It’s like driving a car at night. You never see further than your headlights, but you can make the whole trip that way.
About This Quote
E. L. Doctorow used this image while discussing the writing process and the nature of artistic progress. In interviews and essays about craft, he often resisted the idea that a novelist must fully “know” the book in advance, emphasizing instead discovery, uncertainty, and forward motion. The metaphor of night driving captures how a writer proceeds with only limited visibility—scene by scene, sentence by sentence—yet can still complete a long journey (a novel) through sustained attention and persistence.
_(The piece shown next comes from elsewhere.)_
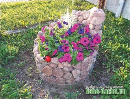 Уложили в сгенки каркаса камни (старались подбирать одного цвета) так. чтобы щели между ними были как можно меньше. Застелили внутри конструкцию черной плотной пленкой. Засыпали в нее грунт и высадили декоративные растения.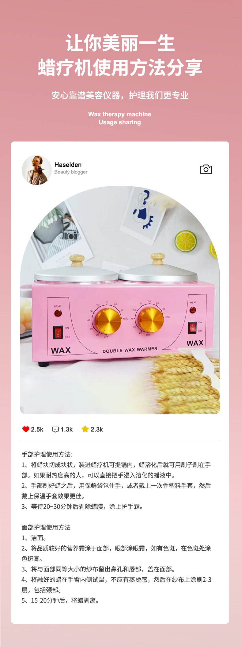 励明跨境美容院双炉调温蜡疗机美甲护肤蜡疗机双炉调温脱毛蜡疗机

The remark is frequently cited in creative-writing circles as reassurance that partial knowledge and incremental steps are not only normal but intrinsic to making art.
Interpretation
The quote argues that meaningful work can be accomplished without a complete map of the future. Like headlights that illuminate only a short stretch of road, our plans and understanding typically extend just a little way ahead; nevertheless, continuing to move forward allows the path to reveal itself. In Doctorow’s implied lesson for writers (and, by extension, for life decisions), uncertainty is not a defect to be eliminated but a condition to be navigated. The emphasis falls on trust in process: clarity arrives through doing, and the “whole trip” is made by a sequence of manageable, visible steps rather than by total foresight.